» **The task**: Copy only what lies from the line containing "Деревянная межэтажная лестница" through the line containing "Vlagheideweg 2 is" in the entries below, keeping both end lines exact and dropping every picture.

» **Data excerpts**:
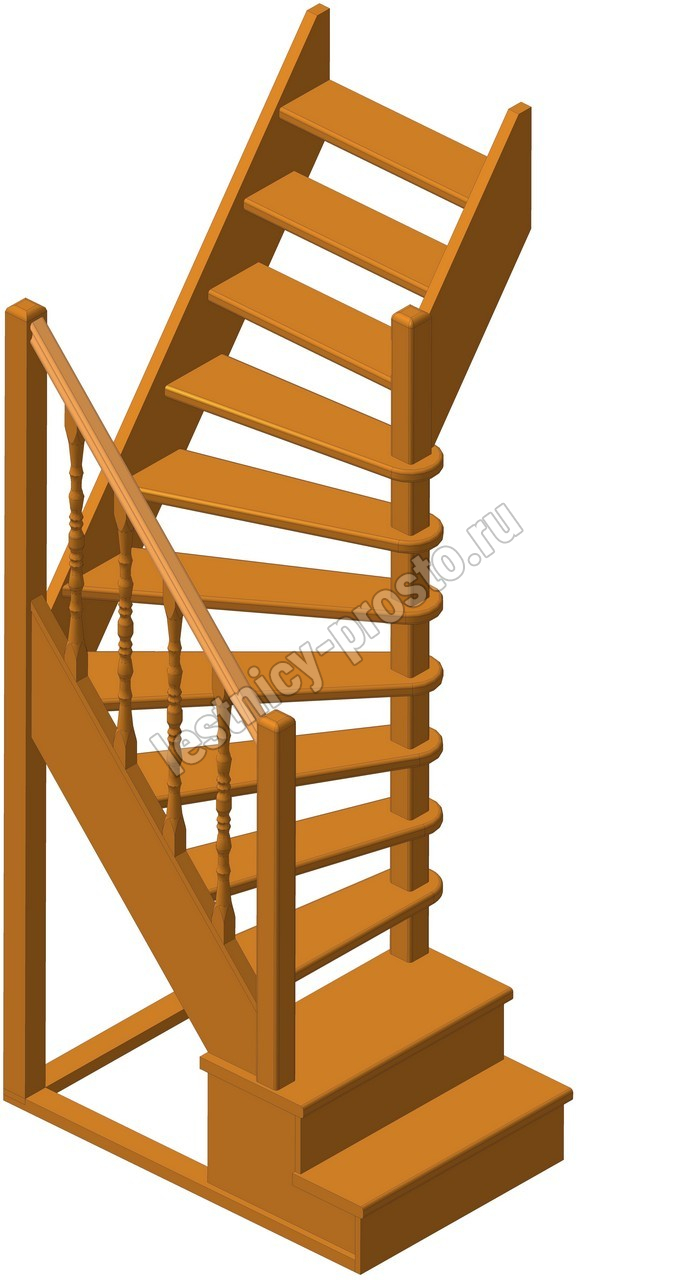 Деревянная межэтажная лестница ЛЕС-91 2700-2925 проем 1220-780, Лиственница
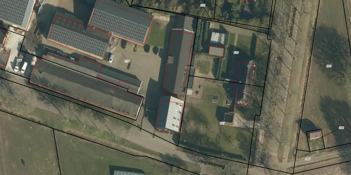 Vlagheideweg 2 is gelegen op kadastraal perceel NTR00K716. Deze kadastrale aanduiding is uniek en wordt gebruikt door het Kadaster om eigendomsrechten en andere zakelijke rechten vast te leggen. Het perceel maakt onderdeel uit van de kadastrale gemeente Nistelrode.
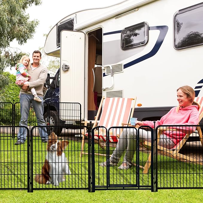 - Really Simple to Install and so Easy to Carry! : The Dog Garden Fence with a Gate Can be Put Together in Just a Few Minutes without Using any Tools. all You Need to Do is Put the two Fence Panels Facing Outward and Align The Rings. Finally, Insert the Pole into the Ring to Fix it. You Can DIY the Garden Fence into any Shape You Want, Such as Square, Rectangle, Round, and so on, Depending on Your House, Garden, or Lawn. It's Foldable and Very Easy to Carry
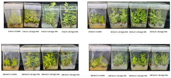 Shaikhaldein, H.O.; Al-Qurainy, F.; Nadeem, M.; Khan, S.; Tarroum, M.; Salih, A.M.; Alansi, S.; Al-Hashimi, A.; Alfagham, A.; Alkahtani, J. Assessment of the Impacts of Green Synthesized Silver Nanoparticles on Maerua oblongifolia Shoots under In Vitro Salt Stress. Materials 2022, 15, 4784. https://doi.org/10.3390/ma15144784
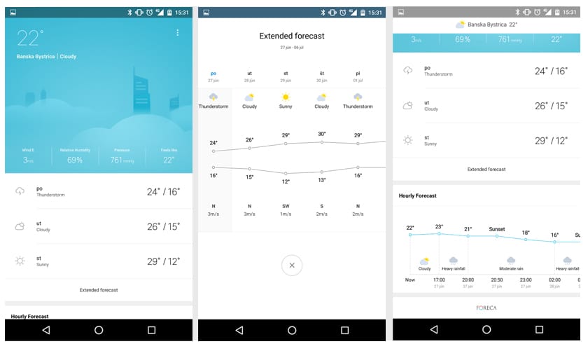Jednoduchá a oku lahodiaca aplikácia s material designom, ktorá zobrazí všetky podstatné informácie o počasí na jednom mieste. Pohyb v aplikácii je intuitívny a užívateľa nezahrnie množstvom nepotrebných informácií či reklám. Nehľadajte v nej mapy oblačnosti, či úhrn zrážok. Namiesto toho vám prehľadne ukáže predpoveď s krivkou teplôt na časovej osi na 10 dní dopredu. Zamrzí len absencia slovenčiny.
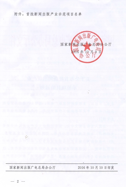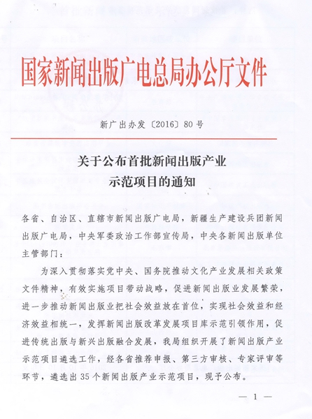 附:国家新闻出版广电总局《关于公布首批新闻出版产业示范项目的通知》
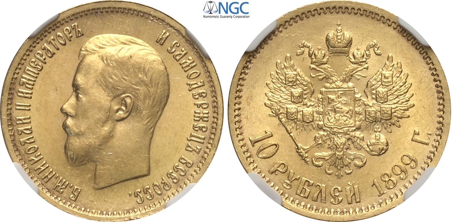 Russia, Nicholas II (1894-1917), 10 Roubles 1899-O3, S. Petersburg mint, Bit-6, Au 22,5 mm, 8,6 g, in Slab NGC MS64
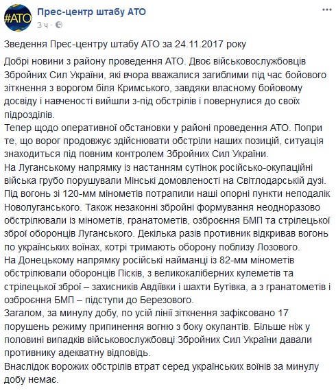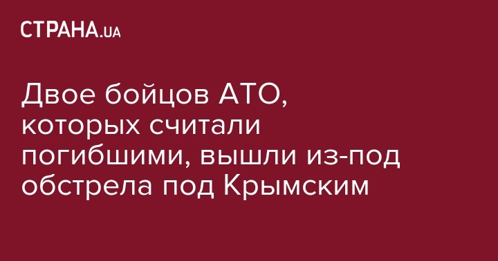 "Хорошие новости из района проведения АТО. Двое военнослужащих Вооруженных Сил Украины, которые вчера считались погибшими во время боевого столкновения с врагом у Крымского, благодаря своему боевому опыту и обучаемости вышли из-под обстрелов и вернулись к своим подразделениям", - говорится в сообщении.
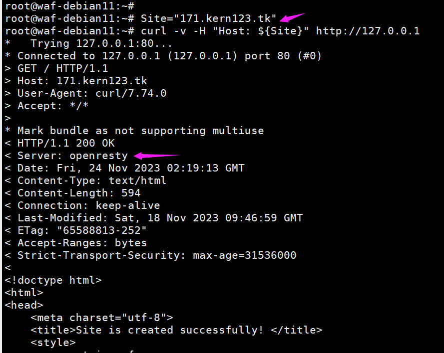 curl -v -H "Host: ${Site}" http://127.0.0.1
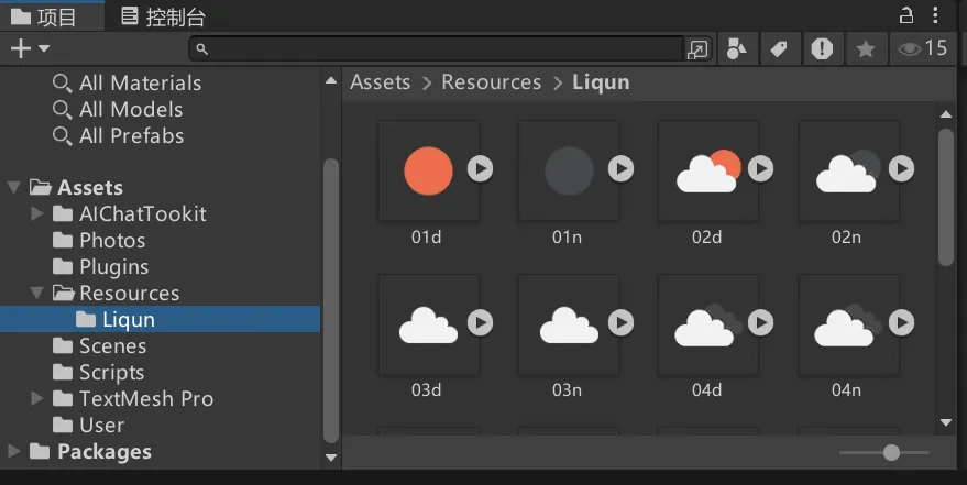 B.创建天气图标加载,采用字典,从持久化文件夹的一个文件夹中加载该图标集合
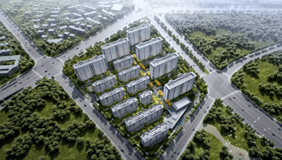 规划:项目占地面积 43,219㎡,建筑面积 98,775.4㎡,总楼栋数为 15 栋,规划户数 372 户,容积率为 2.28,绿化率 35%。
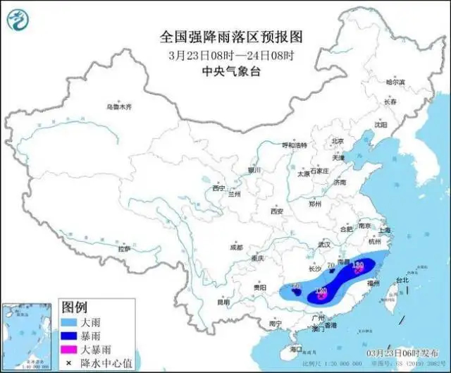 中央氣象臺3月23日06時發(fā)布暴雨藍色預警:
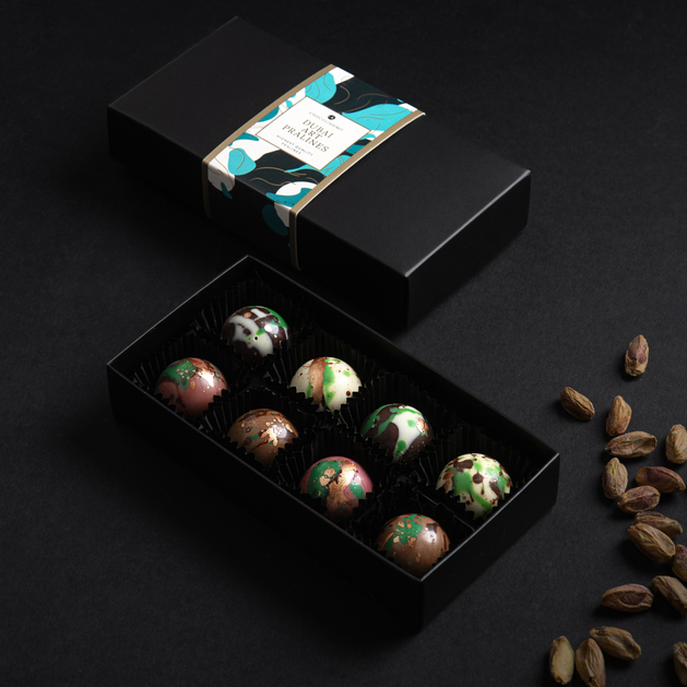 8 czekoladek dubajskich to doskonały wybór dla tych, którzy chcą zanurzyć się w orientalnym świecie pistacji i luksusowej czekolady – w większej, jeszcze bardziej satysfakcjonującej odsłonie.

* * *

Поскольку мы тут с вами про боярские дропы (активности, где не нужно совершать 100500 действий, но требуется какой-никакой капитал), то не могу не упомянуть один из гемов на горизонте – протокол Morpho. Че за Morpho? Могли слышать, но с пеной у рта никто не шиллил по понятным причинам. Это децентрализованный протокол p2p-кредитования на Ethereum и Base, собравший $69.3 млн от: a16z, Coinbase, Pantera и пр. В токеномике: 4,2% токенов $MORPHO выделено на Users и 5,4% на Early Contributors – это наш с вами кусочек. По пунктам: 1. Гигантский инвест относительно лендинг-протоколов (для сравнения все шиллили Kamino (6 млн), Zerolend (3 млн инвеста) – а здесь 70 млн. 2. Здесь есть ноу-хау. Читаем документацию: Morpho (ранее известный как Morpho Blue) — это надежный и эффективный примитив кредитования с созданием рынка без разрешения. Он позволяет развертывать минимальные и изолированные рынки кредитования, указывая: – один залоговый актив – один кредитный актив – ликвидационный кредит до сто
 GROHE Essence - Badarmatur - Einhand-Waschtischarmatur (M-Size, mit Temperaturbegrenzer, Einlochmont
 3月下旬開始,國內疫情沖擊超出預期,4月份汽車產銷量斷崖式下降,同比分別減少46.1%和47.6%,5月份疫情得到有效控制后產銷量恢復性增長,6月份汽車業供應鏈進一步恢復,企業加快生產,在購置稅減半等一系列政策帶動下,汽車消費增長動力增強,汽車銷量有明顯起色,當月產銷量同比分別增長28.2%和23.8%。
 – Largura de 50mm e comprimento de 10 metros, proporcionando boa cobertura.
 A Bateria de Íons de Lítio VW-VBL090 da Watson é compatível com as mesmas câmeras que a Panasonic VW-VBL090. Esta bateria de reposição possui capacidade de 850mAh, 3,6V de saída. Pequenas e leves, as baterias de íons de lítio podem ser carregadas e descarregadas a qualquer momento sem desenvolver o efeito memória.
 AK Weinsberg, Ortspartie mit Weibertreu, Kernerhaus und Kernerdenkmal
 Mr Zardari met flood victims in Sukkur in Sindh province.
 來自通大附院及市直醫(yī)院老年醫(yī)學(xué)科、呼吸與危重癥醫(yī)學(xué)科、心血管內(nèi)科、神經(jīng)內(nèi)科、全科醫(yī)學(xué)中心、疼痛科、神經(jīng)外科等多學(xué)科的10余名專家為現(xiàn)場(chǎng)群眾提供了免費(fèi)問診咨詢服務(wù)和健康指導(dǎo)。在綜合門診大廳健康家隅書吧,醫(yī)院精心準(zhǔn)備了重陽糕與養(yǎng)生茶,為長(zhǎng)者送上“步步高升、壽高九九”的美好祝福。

--

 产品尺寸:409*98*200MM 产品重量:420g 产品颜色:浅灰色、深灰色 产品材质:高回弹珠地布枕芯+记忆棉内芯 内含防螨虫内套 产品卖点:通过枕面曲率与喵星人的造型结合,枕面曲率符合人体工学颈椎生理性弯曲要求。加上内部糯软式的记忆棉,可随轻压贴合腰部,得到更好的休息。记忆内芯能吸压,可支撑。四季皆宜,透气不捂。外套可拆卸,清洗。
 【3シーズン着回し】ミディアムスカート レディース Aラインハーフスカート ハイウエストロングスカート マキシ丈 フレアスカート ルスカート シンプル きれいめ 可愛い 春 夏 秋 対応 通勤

» **Exercise output**:
 Деревянная межэтажная лестница ЛЕС-91 2700-2925 проем 1220-780, Лиственница
 Vlagheideweg 2 is gelegen op kadastraal perceel NTR00K716. Deze kadastrale aanduiding is uniek en wordt gebruikt door het Kadaster om eigendomsrechten en andere zakelijke rechten vast te leggen. Het perceel maakt onderdeel uit van de kadastrale gemeente Nistelrode.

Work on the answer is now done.